# ASSIGNMENT
In the answer, transcribe exactly the lines from the beginning of the material through the line holding "Asprey and Garrard", and skip every picture.

# DATA BLOCK
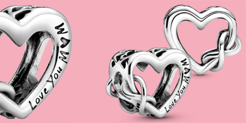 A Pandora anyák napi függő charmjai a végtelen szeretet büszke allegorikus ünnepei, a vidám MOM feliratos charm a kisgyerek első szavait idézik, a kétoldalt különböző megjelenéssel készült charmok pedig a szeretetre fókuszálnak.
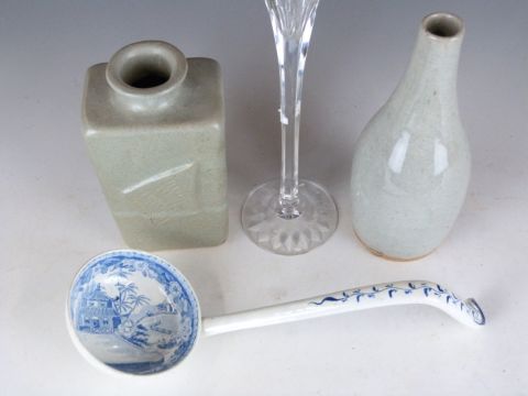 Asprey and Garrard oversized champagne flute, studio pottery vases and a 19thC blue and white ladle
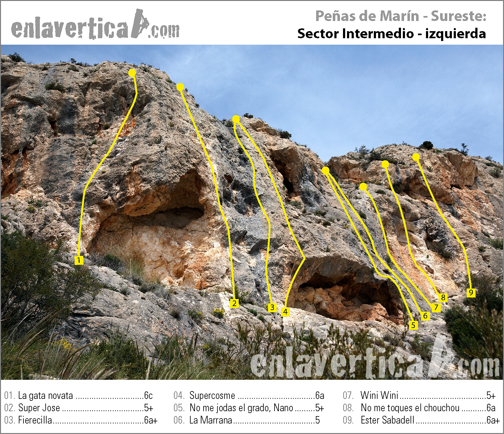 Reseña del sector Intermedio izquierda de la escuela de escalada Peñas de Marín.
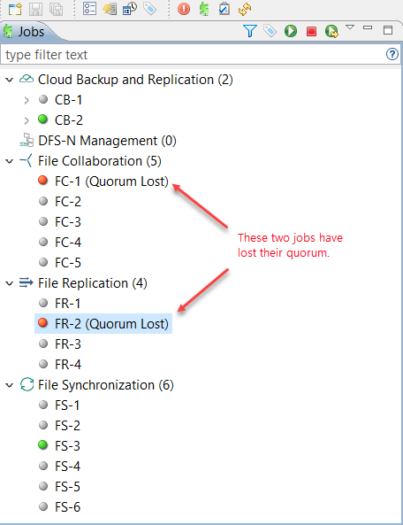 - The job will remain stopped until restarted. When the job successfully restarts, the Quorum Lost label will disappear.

# REPLY TO THE TASK
 A Pandora anyák napi függő charmjai a végtelen szeretet büszke allegorikus ünnepei, a vidám MOM feliratos charm a kisgyerek első szavait idézik, a kétoldalt különböző megjelenéssel készült charmok pedig a szeretetre fókuszálnak.
 Asprey and Garrard oversized champagne flute, studio pottery vases and a 19thC blue and white ladle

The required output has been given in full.